Exercise: For the data that follows, print the line with "西北大学特殊服役环境蠕变试验机采购项目(二次)竞争性谈判公告 作者:采购与招标办公室 编辑: 时间:2024-12-11", the line with "若是天气晴好,闭上眼睛,坐在", and all lines between them, exactly as they stand. Omit pictures and add nothing.

Input material:
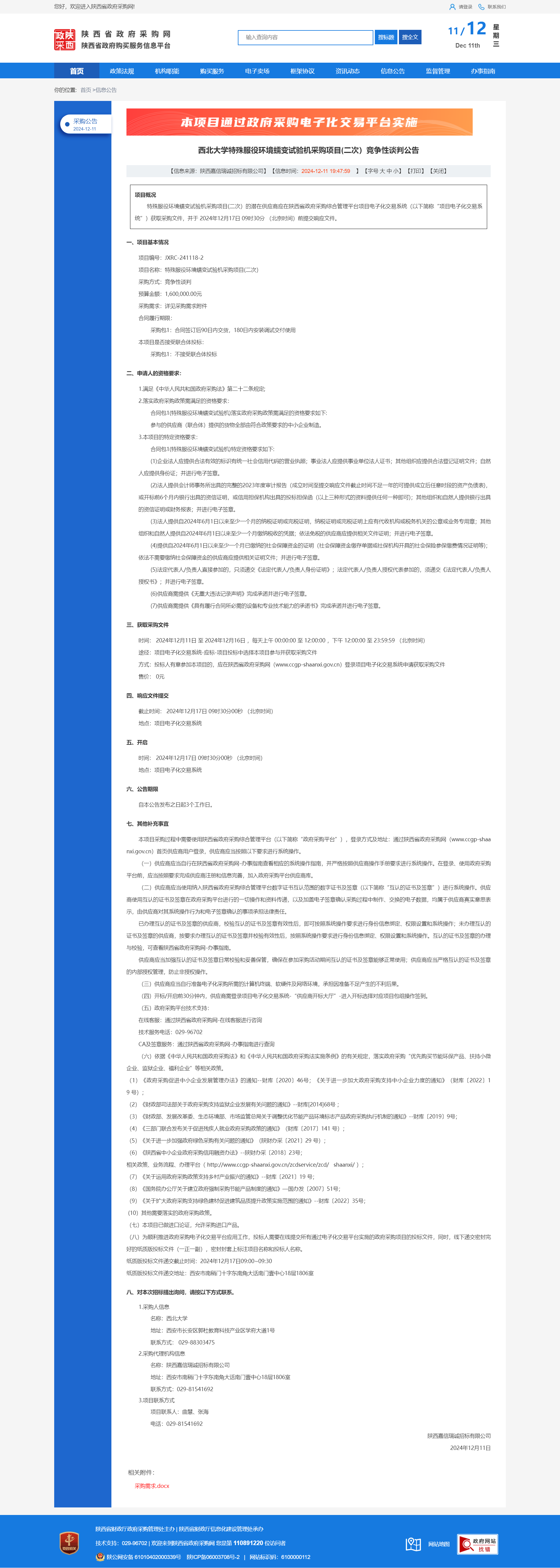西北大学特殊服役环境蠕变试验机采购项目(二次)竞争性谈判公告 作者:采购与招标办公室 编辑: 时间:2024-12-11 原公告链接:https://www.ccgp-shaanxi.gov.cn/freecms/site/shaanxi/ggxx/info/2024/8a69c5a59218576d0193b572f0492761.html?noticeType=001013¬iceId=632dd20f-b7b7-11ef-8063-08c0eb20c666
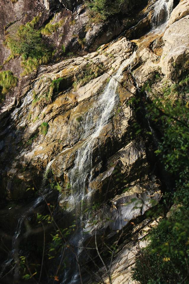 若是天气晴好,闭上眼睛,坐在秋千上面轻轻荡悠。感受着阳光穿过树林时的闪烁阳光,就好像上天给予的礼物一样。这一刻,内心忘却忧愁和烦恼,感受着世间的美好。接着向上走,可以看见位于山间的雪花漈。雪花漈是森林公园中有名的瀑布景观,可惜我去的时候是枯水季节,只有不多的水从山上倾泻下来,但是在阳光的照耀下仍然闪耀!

---

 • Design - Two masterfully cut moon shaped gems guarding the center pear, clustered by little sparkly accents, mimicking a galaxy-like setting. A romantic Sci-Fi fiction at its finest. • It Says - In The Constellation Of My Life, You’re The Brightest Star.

Answer to the problem:
西北大学特殊服役环境蠕变试验机采购项目(二次)竞争性谈判公告 作者:采购与招标办公室 编辑: 时间:2024-12-11 原公告链接:https://www.ccgp-shaanxi.gov.cn/freecms/site/shaanxi/ggxx/info/2024/8a69c5a59218576d0193b572f0492761.html?noticeType=001013¬iceId=632dd20f-b7b7-11ef-8063-08c0eb20c666
 若是天气晴好,闭上眼睛,坐在秋千上面轻轻荡悠。感受着阳光穿过树林时的闪烁阳光,就好像上天给予的礼物一样。这一刻,内心忘却忧愁和烦恼,感受着世间的美好。接着向上走,可以看见位于山间的雪花漈。雪花漈是森林公园中有名的瀑布景观,可惜我去的时候是枯水季节,只有不多的水从山上倾泻下来,但是在阳光的照耀下仍然闪耀!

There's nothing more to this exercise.